**Your objective**
For this exercise, retype the lines from the one that holds "11. 그러면 파이어베이스에서" through the one that holds "1900 ca. TARJETAS" in the records below, both included, exactly and without pictures.

**Records shown**
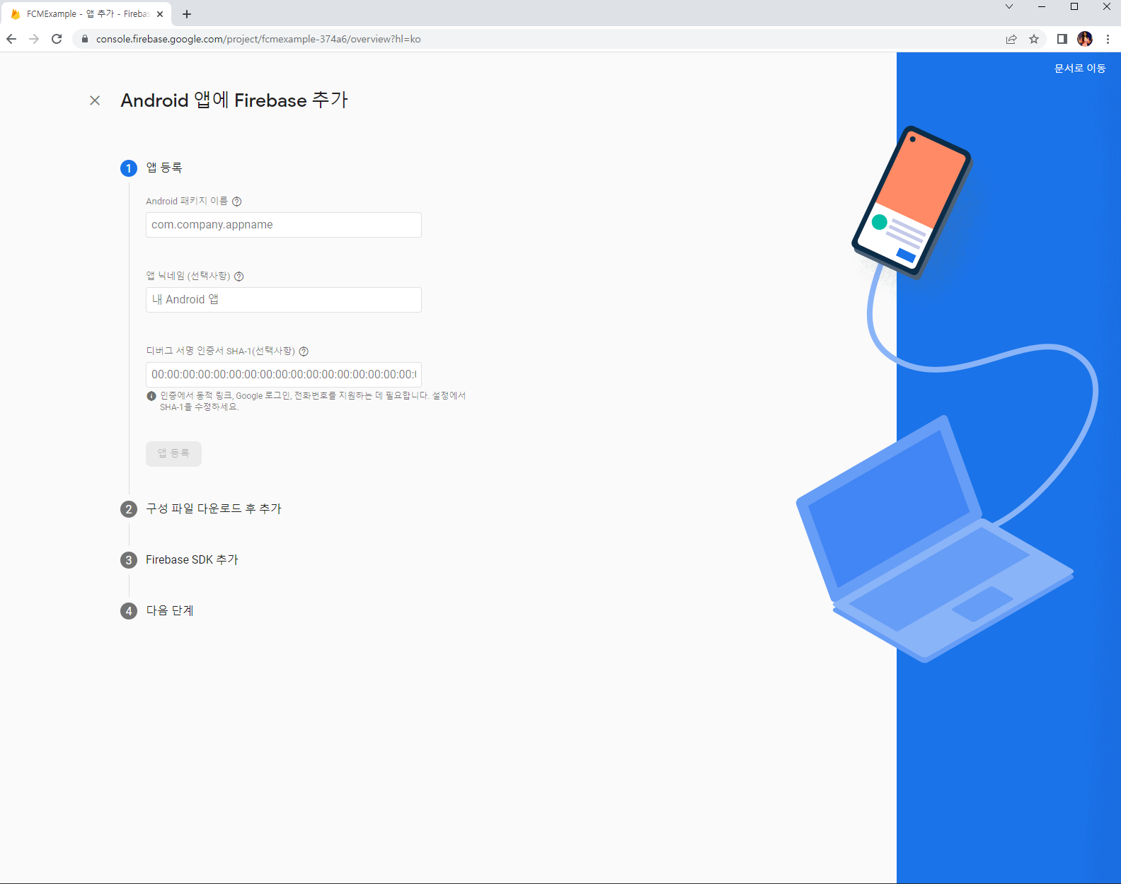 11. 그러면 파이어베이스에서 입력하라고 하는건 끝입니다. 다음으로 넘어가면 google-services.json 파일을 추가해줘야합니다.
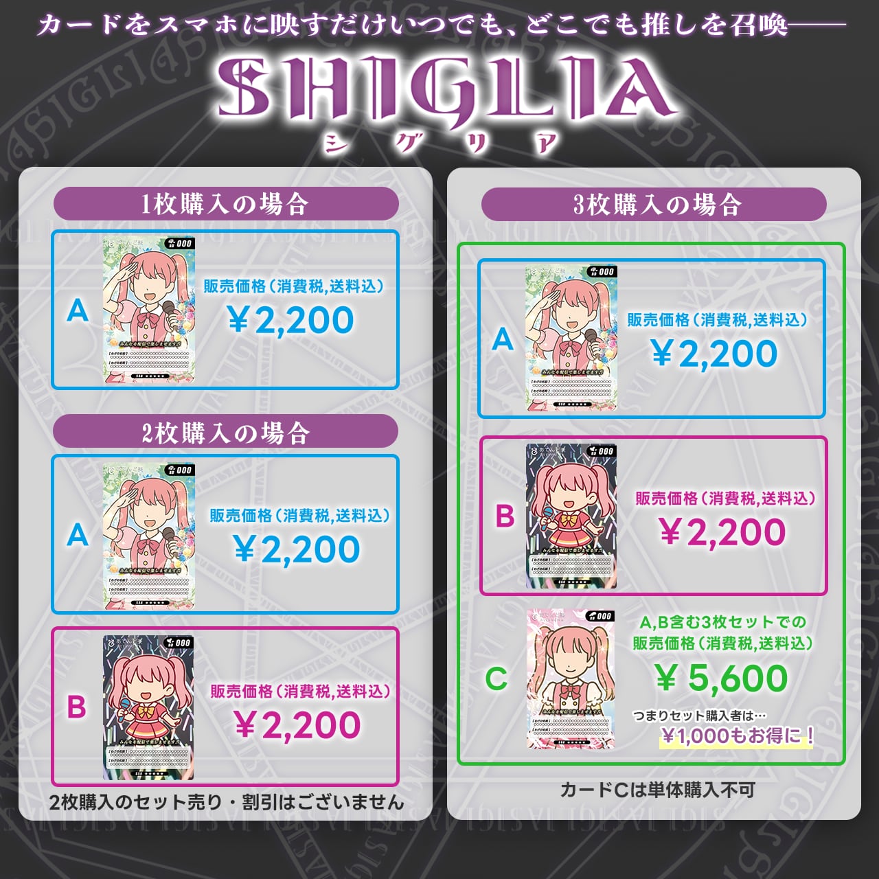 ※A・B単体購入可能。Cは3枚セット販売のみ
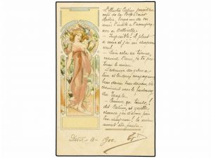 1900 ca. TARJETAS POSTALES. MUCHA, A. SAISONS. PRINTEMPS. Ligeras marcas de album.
--
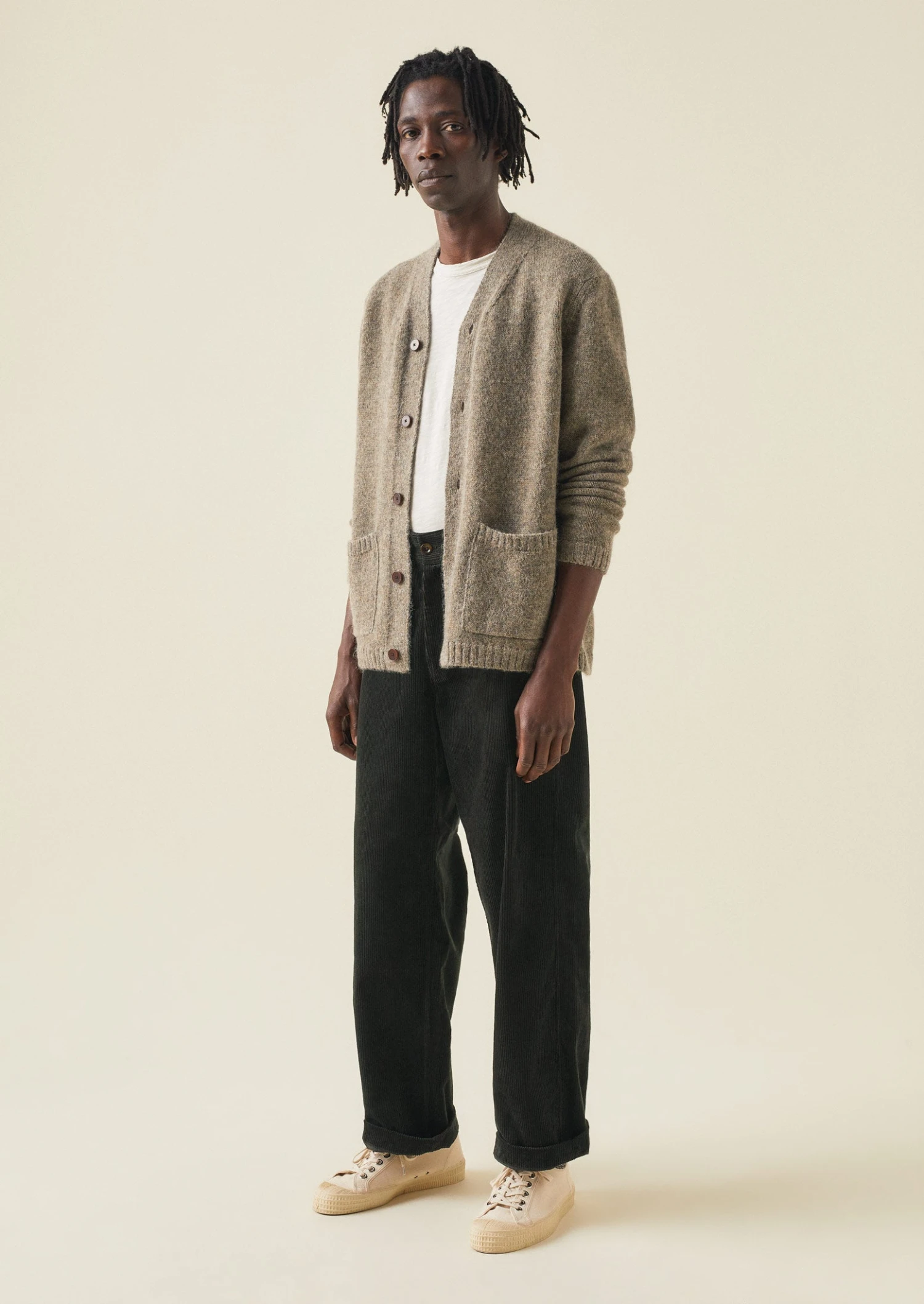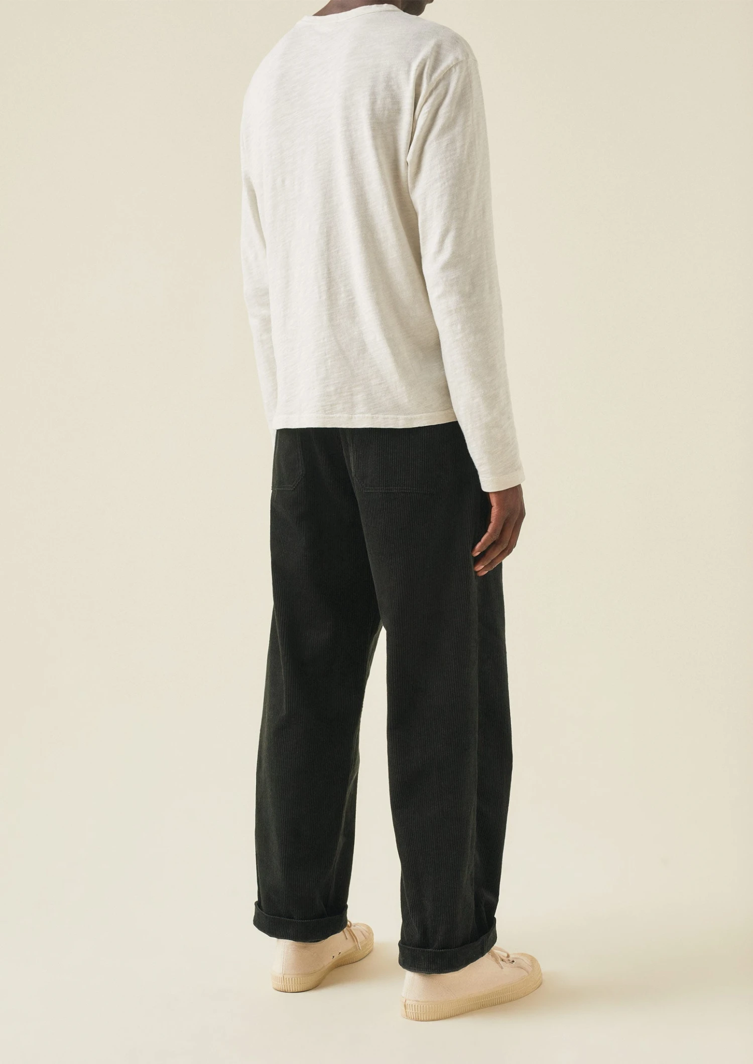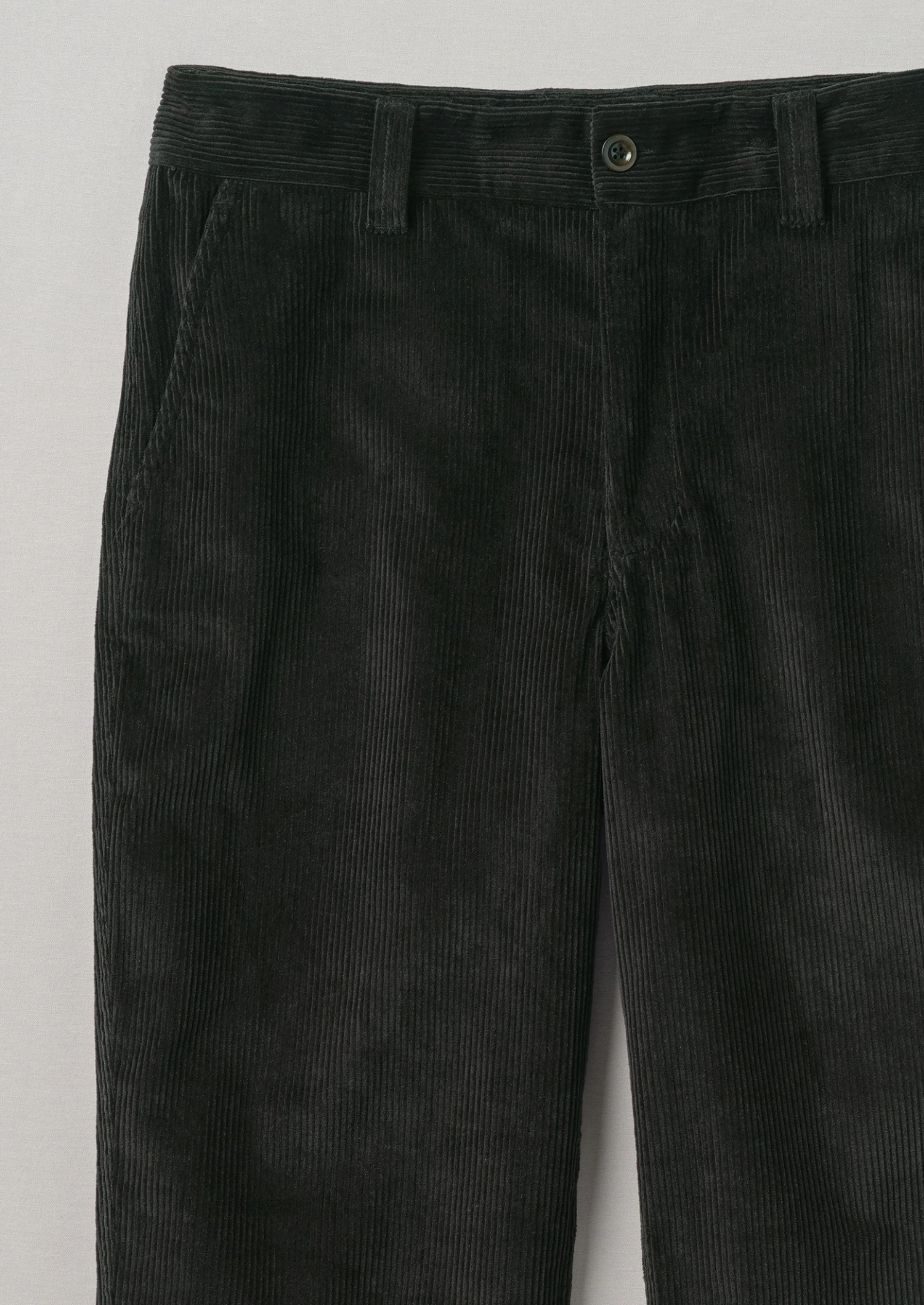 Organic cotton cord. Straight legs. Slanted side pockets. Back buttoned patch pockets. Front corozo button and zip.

**Written reply**
 11. 그러면 파이어베이스에서 입력하라고 하는건 끝입니다. 다음으로 넘어가면 google-services.json 파일을 추가해줘야합니다.
 ※A・B単体購入可能。Cは3枚セット販売のみ
 1900 ca. TARJETAS POSTALES. MUCHA, A. SAISONS. PRINTEMPS. Ligeras marcas de album.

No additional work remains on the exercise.